Fisher’s Z Test

The Fisher’s Z test is a classical conditional independence test for continuous data. It is most powerful under the assumption of linear relationships and serves as a foundational method in statistical and causal discovery applications. Because of its computational efficiency, it remains the default test used in seminal causal discovery methods like the PC algorithm, even in modern high-dimensional settings (Kalisch & Bühlmann, 2007).

Mathematical Formulation

The test is based on the sample partial correlation coefficient, \(r = \rho(X, Y | Z)\). To create a test statistic with a well-behaved sampling distribution, the test relies on the Fisher’s Z-transformation, first developed to handle the “probable error” of correlation coefficients from small samples (Fisher, 1921). The transformation of the partial correlation \(r\) is given by:

\[Z(r) = \frac{1}{2} \ln\left(\frac{1+r}{1-r}\right)\]

This can also be expressed as the inverse hyperbolic tangent, artanh(r). This transformation stabilizes the variance and maps the correlation coefficient to an approximately normal distribution, a concept that was later explicitly extended to cover partial correlations (Fisher, 1924). The statistical properties and robustness of this transformation were later explored in extensive detail (Hotelling, 1953).

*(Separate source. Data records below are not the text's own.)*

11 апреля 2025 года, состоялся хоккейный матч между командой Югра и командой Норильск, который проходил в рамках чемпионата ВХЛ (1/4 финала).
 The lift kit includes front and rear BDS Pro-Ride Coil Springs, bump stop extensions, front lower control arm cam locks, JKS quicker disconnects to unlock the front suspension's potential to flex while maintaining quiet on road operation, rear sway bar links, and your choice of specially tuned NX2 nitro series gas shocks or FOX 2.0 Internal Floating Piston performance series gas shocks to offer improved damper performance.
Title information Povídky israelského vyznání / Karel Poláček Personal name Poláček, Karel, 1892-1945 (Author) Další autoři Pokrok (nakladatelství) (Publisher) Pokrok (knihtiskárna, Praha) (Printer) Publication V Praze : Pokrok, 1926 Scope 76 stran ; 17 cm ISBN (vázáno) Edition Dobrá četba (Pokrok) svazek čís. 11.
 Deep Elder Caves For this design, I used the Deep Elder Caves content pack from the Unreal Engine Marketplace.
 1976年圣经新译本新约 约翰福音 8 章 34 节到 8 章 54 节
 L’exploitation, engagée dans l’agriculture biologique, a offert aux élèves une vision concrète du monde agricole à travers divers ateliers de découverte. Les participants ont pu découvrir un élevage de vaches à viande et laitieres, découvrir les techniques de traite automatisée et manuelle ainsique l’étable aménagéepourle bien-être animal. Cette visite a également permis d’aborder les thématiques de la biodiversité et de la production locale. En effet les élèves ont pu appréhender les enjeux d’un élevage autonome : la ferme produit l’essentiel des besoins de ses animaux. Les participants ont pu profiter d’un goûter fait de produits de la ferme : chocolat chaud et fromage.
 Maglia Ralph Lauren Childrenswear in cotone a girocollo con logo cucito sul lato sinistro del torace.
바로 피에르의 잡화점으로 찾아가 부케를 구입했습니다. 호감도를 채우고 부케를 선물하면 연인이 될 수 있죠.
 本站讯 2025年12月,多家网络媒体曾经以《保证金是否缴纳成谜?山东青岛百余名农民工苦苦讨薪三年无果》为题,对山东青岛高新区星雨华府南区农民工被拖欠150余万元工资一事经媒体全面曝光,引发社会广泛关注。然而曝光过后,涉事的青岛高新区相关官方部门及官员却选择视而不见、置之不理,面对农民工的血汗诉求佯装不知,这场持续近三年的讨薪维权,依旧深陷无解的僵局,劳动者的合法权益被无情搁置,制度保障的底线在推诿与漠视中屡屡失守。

Under the null hypothesis of conditional independence, the test statistic is constructed as:

\[T = \sqrt{n - |Z| - 3} \cdot |Z(r)|\]

where \(n\) is the sample size and \(|Z|\) is the number of conditioning variables. This statistic follows a standard normal distribution, \(N(0, 1)\), from which the p-value is calculated.

Assumptions

The validity of the Fisher’s Z test rests on two strong assumptions:

Multivariate Normality: All variables (X, Y, and the conditioning set Z) are assumed to be drawn from a multivariate normal distribution. In such a distribution, zero partial correlation is mathematically equivalent to conditional independence, a property that is foundational to constraint-based causal discovery (Spirtes et al., 2000).
Linearity: The relationships between the variables are assumed to be linear. The test may have low power to detect non-linear dependencies.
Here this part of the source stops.